Is there hope for the reefs of South-East Asia? What steps can be taken?

Without question I remain very hopeful, in large part because I've been fortunate to see a wide range of success stories throughout the region, especially those where local communities, dive operators, and increasingly governments are working together to sustainably manage their reefs.

I am a huge believer in the importance of creating marine protected areas (MPAs), in which the various marine uses are carefully managed and 20 to 30 per cent of the areas are set aside as "no-fishing zones" in order to allow the replenishment of fish stocks.

Strict enforcement against destructive fishing practices is also highly important - the reefs of South-east Asia are actually incredibly resilient - we just need to give them a chance by removing the most serious stressors like blast-fishing and they recover very well!

What can individuals do to help?

Obviously, individuals can consider donating to their favorite organisations who are working in the realm of marine conservation and management.

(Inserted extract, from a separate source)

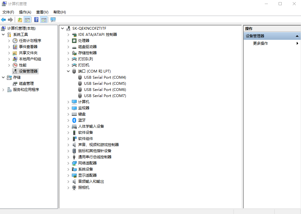 電腦鼠標點擊計算器管理,右擊,點開設備管理器,點擊端口,查看接USR-LG210-L和USR-LG206-L-C-H10的USB-RS232串口線COM口號。

For those that are interested in marine tourism - snorkelling, diving, kayaking - choosing a destination where the local government and communities are actively managing their reefs is a big contribution to those local economies.

We also can all make more sustainable choices in our own lifestyles, from focusing on using mass transit like MRT to choosing only sustainable seafood when eating at local restaurants. Chili crab, for instance, is a generally excellent choice - these mangrove crabs grow fast and reproduce in the millions. Sharks are at the other end of the spectrum: They grow extremely slowly, mature late in life, and generally only give birth to a few pups at a time, meaning their populations simply cannot withstand intensive harvesting.

How would you describe what you do: A hobby, a passion, a job, a duty?

For marine conservation, I would probably classify it as "all of the above". While I get paid as a marine conservationist, it is far more than just a job for me - it is an all-consuming passion. I feel a strong sense of duty: Our oceans are in trouble, and I want to do everything I can to ensure that my children can see the same amazing sights and enjoy experiences I have had underwater for the past 30 years.

The fish photography and taxonomy are a relatively small part of my overall job responsibilities, but it qualifies now as my most consuming hobby and without question I'm happiest now when exploring South-east Asian reefs for new fish species.